Using an open source technology also aligns with the engineering organization’s broader movement toward self-hosted open source tooling. We benefited from our infrastructure and platform team’s recent migration from third-party vendors to self-hosted Grafana tooling.
At key points during our decision-making process, we presented our findings to Alto’s wider engineering organization, so that every team had an opportunity to weigh in. As a result of the feedback we received, for example, we decided to add an abstraction layer on top of the Growthbook implementation. If Alto needs to move to a different A/B testing platform at any point in the future, the abstraction layer will allow us to easily swap out the underlying implementation without changing all the call sites. As long as any future implementation uses the same interface, any equally large migration would have a negligible impact on product engineering.
With our final proposal in hand, we revisited feedback and made sure all questions and concerns were addressed. We were able to align the engineering organization around our preferred choice, a self-hosted Growthbook instance with a frontend and backend abstraction layer.
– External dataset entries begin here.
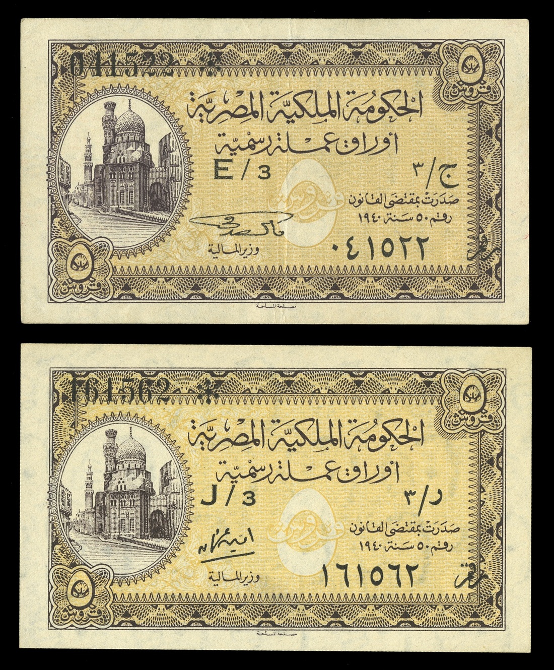 Egypt. Egyptian Government. 5 Piastres. No date. P-164. No. 161562. Series letter J/3. Brown on yellow. Amir Khayrbek mosque left. Blue-gray back. Uncirculated. Also included is an EF example, Series letter E/3. (2)
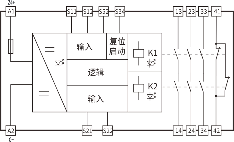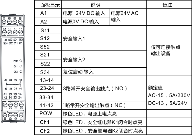 SRS-226-2N/P-3NO1NC是一款適用于具有開關量的安全產(chǎn)品輸入,具有3路常開(NO)安全輸出觸點和1路常閉(NC)輔助輸出觸點的安全繼電器。它可選擇單/雙通道操作,手動/自動復位。
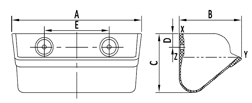 备注:上述四个规格DH1411~3018斗为国外用户特殊定制,安装孔处均带凸台(DH1307/IRN除外),故孔距及孔径均不可调整。
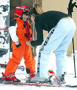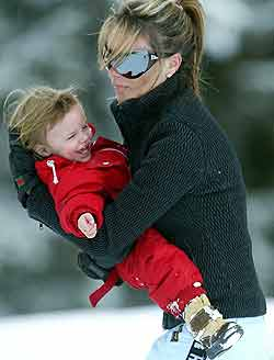 穿著一套桔黃色滑雪服的布魯克林突然開始哭起來,原來他不能從雪橇上立起身來。維多利亞彎下腰去抱了抱兒子,并幫他整理好衣服,小布魯克林又破涕為笑(見圖二)。隨后,維多利亞抱著18個月大的小兒子羅密歐在滑雪場的練習(xí)坡地慢慢滑行。維多利亞象蕩秋千一樣輕輕地晃動著小家伙,直逗得他在媽媽的懷里咯咯直笑(見圖三)。

On the backend, we’d spin up a new Experimentation Rails Engine — a miniature application that provides functionality to the host application. On the frontend, we’d spin up a new Typescript Library to be used in all our React and React Native applications. The engine and library would declare abstract interfaces that any implementing class would need to adhere to, establishing a contract for functionality and naming conventions.
Today and beyond
We now have our self-hosted Growthbook application up and running with engineering teams adding their own feature flags and experiments. We also have a healthy backlog of exciting changes, including:
Annotations on our Grafana dashboards based on experiment changes
Slack webhooks to notify channels when it’s time to clean up an experiment
Improved metrics to measure experiment success
With the current set-up and abstraction layer, we can easily add, modify, and remove other experimentation platforms if needed. As our engineering organization becomes more familiar with the platform, the foundation of a strong, experiment-first culture and tailored tools will enable our teams to iterate and learn even faster.